VOLTAGE REGULATOR AND SEMICONDUCTOR DEVICE

Abstract

A voltage regulator includes: an output transistor containing a source connected to an input port and a drain connected to an output port; voltage dividing resistors which are connected between a voltage adjustment port and a ground port, divide an adjustment voltage received at the voltage adjustment port, and output a feedback voltage; a reference voltage circuit which outputs a reference voltage; an error amplifier circuit which controls a gate voltage of the output transistor based on the reference voltage and the feedback voltage; and a disconnection protection circuit which includes a first MOS transistor containing a source connected to the output port and a gate connected to the voltage adjustment port, and detects a disconnection of a bonding wire of the voltage adjustment port.

Description

CROSS-REFERENCE TO RELATED APPLICATION

This application claims the priority benefits of Japanese application no. 2023-200511, filed on Nov. 28, 2023. The entirety of the above-mentioned patent application is hereby incorporated by reference herein and made a part of this specification.

BACKGROUND

Technical Field

The present invention relates to a voltage regulator and a semiconductor device.
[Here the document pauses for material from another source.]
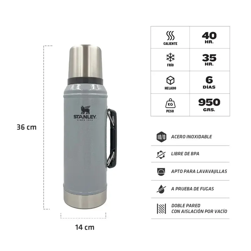Termo Stanley Clasico 950Ml Con Manija - Silver

Description of Related Art

In general, a voltage regulator generates a constant voltage from a power supply voltage received at an input port, and outputs the constant voltage to an output port. Even if the power supply voltage or load current fluctuates, the output voltage is maintained at a constant value. A voltage regulator which is provided with a feedback voltage port in addition to the output port in order to ensure the accuracy of the output voltage in the case of the output current being large is known.

FIG. 5 illustrates a conventional voltage regulator and a conventional semiconductor device that are provided with a feedback voltage port.

A conventional voltage regulator 51 includes an operational amplifier OP1, an output transistor M1, voltage dividing resistors R1 and R2, a protective resistor Rp1, an input port Pi1, an output port Po1, and a feedback voltage port Pf1.

A semiconductor device 52 includes an input port Pi2 and an output port Po2. The output port Po2 is connected to the output port Po1 and the feedback voltage port Pf1 of the voltage regulator, and supplies a voltage to a load LD.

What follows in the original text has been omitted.